3 Approximate Schedule

This schedule largely follows that officially approved by the division. However, since other (off-campus) options have different schedules, I will need to know if you are considering other opportunities, what the schedule is, and whether you are likely to choose an off-campus opportunity if accepted.

February 23:: Application forms due. You must submit the division-wide form online and your responses to my questions to me.
March 9:: Initial selections announced (provided that the college has approved funding) via e-mail.
March 16:: Decisions due.
Week of 2 April:: First meeting.
Unspecified other dates:: Additional meetings.
April 23:: Draft MAP proposal due.
April 30:: Revised MAP proposal due.
May 7:: Final MAP proposal due.
May 22:: Commencement.
May 25:: Brief literature survey due.
June 8:: (or earlier): Other background preparation (e.g., languages, advanced topics) completed.
June 11:: Summer research begins. (Tentative date)
August 18:: Summer research concludes. (Ten weeks hence)

4 Activities

This this section is largely an overview; you may find many more details in the syllabus.

4.1 Spring

Topic Preparation

You are expected to begin your background research during the spring. In particular, you must identify at least four scientific papers on related projects. You are also encouraged to use the web to aid your search. Some useful resources are:

Some of the related conferences to find this work are

CVPR: Computer Vision and Pattern Recognition
ICDAR: International Conference on Document Analysis and Recognition
DAS: IAPR International Workshop on Document Analysis Systems
GREC: IAPR International Workshop on Graphics Recognition
ICCV: International Conference on Computer Vision
ECCV: European Conference on Computer Vision
ICPR: International Conference on Pattern Recognition
ICIP: International Conference on Image Processing
ICASSP: International Conference on Acoustics, Speech, and Signal Processing

and some related journals include

PAMI: IEEE Transactions on Pattern Analysis and Machine Intelligence
IJCV: International Journal on Computer Vision
IJDAR: International Journal on Document Analysis and Recognition
TIP: IEEE Transactions on Image Processing

though there are of course many, many others. Once you have identified potentially useful resources, if you cannot find an author preprint online (they nearly always are), consult with the librarians about obtaining a copy of an article or conference paper.
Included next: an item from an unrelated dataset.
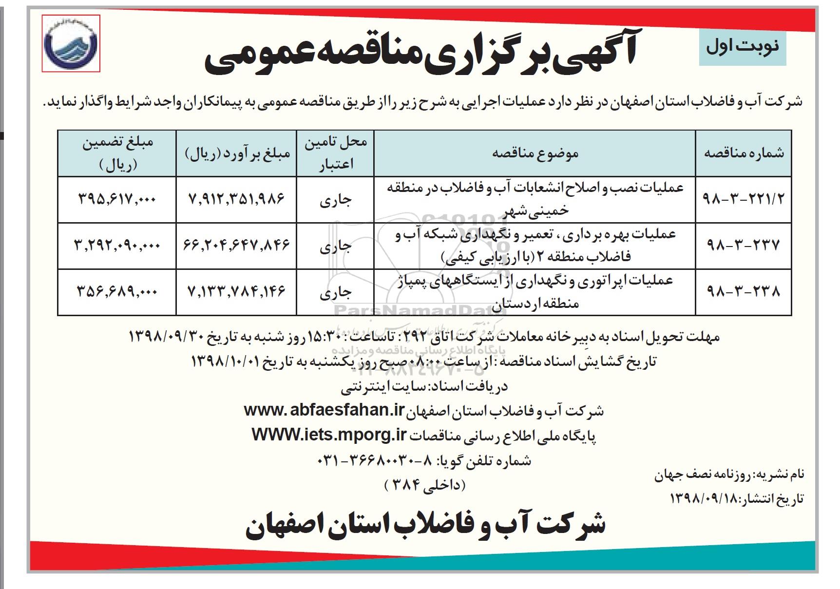 98-3-238 عملیات اپراتوری و نگهداری از ایستگاه های پمپاژ منطقه اردستان  جاری 7.133.784.146 356.689.000
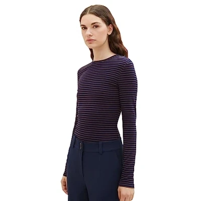 TOM TAILOR Denim Women's Long Sleeved Shirt with Stripes, 34269 Navy Brown Stripe, XS

You will email me your list of papers (with complete citations) by the date above.

Skill Preparation

If your project will require a programming language, data interface, or library that you do not yet know, you are expected to begin learning them. You need not master any of them, but should develop comfort and familiarity.

4.2 Summer

During the summer, you are expected to work full-time on the project (40 hours per week for ten weeks). This work will include regularly scheduled group meetings. See the syllabus for more information.

4.3 Fall and Beyond

Poster Presentation

You will create a poster describing your work and present it at the Grinnell Science Poster Seminar (typically during parents' weekend).

Internal Public Presentation

You will give a twenty-five or fifty minute presentation on your work as part of the Computer Science Department's Thursday Extras series.
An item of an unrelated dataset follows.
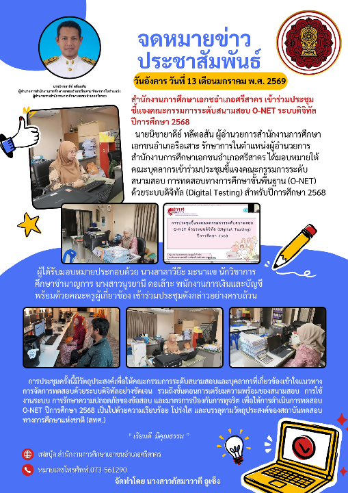 วันอังคาร วันที่ 13 เดือนมกราคม พ.ศ. 2569 นายนิซายาดีย์ หลีตอสัน ผู้อำนวยการสำนักงานการศึกษาเอกชนอำเภอรือเสาะ รักษาการในตำแหน่งผู้อำนวยการสำนักงานการศึกษาเอกชนอำเภอศรีสาคร ได้มอบหมายให้คณะบุคลากรเข้าร่วมประชุมชี้แจงคณะกรรมการระดับสนามสอบ การทดสอบทางการศึกษาขั้นพื้นฐาน (O-NET) ด้วยระบบดิจิทัล (Digital Testing) สำหรับปีการศึกษา 2568 ผู้ได้รับมอบหมายประกอบด้วย นางฮาลาวีย๊ะ มะนาแซ นักวิชาการศึกษาชำนาญการ นางสาวนูรยานี ดอเล๊าะ พนักงานการเงินและบัญชี พร้อมด้วยคณะครูผู้เกี่ยวข้อง เข้าร่วมประชุมดังกล่าวอย่างครบถ้วน การประชุมครั้งนี้มีวัตถุประสงค์เพื่อให้คณะกรรมการระดับสนามสอบและบุคลากรที่เกี่ยวข้องเข้าใจแนวทางการจัดการทดสอบด้วยระบบดิจิทัลอย่างชัดเจน รวมถึงขั้นตอนการเตรียมความพร้อมของสนามสอบ การใช้งานระบบ การรักษาความปลอดภัยของข้อสอบ และมาตรการป้องกันการทุจริต เพื่อให้การดำเนินการทดสอบ O-NET ปีการศึกษา 2568 เป็นไปด้วยความเรียบร้อย โปร่งใส และบรรลุตามวัตถุประสงค์ของสถาบันทดสอบทางการศึกษาแห่งชาติ (สทศ.)

External Conference Presentation

If your work is submitted to and accepted by a conference you are expected to attend and present your work. (Funding is available from the Dean's office for you to attend the conference.)

External Pew Presentation

You may submit your work to the Pew Midstates Science and Mathematics Consortium Fall Symposium on Undergraduate Research in the Physical and Mathematical Sciences. If your work is accepted, you must attend the symposium (including non-CS talks) and present your work (in poster or talk form). You must give at least one practice talk before going to the conference.

Acknowledgement

With thanks to Professor Sam Rebelsky for many elements of Section 4.